**Problem to solve**
Images should be left out, and everything else in the listing reproduced exactly.

**Data below**

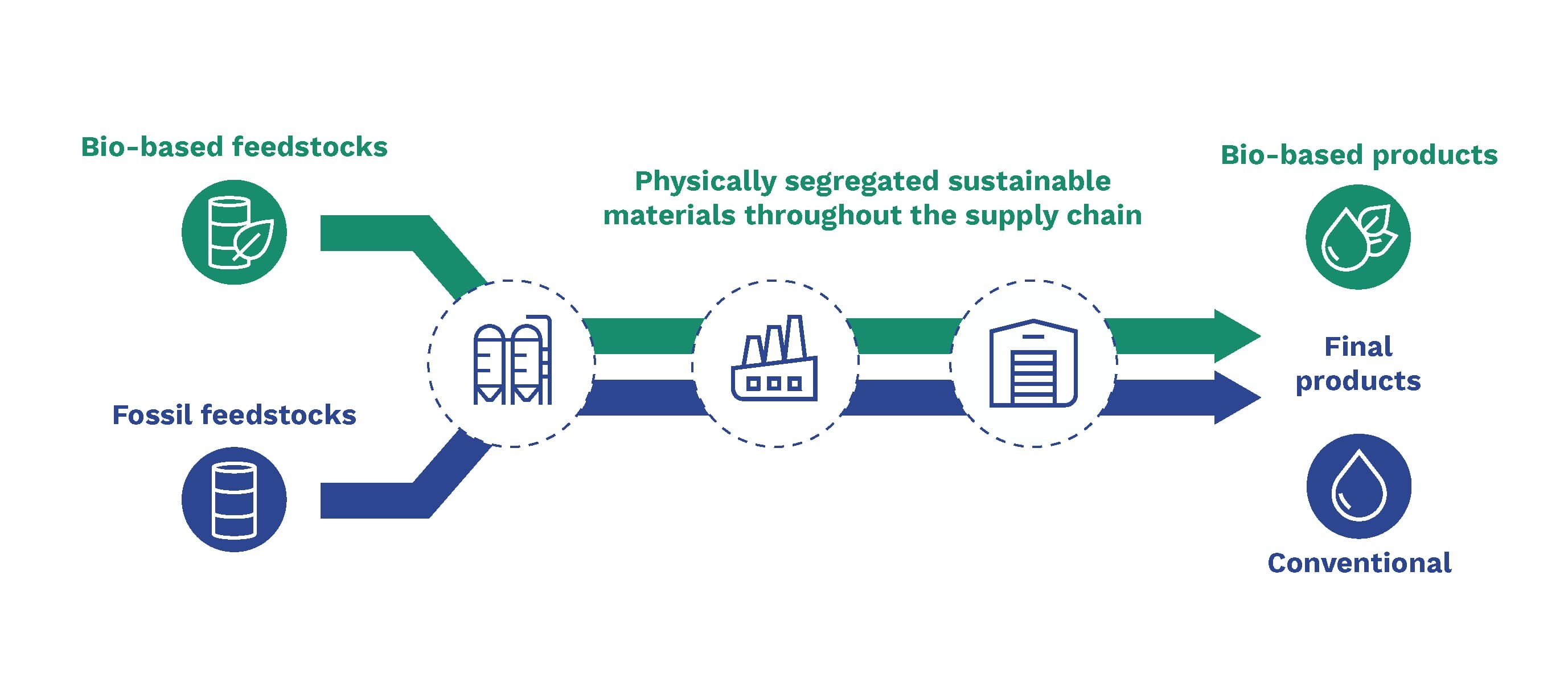 A segregated production is a production in which the bio-based materials are processed in segregated production lines. In this configuration, bio-based content can be measured by C14 analysis in final products.
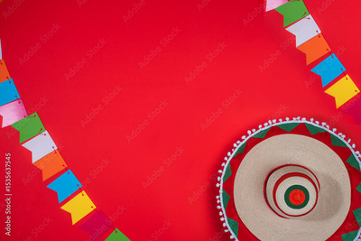 Mexican Independence Day and Cinco de Mayo concept. Background with sombrero for greeting card, invitation, advertising.
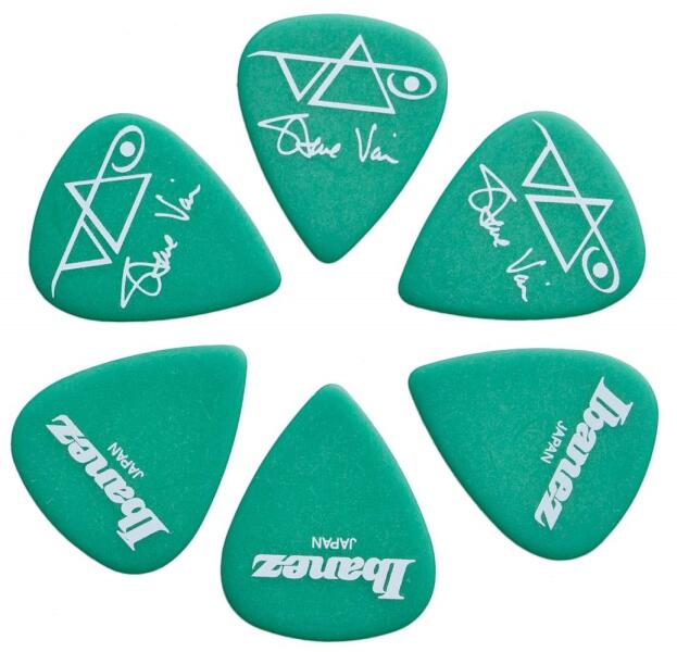 Steve Vai signature szériás pengetők. A csomag 6 db pengetőt tartalmaz. Keménység: Heavy Vastagság: 1 mm Zöld kivitel
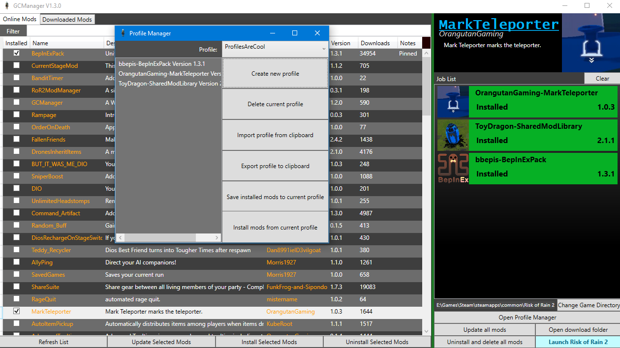 A Risk of Rain 2 Mod manager featuring:

**Solution for this exercise**
 A segregated production is a production in which the bio-based materials are processed in segregated production lines. In this configuration, bio-based content can be measured by C14 analysis in final products.
 Mexican Independence Day and Cinco de Mayo concept. Background with sombrero for greeting card, invitation, advertising.
 Steve Vai signature szériás pengetők. A csomag 6 db pengetőt tartalmaz. Keménység: Heavy Vastagság: 1 mm Zöld kivitel
 A Risk of Rain 2 Mod manager featuring:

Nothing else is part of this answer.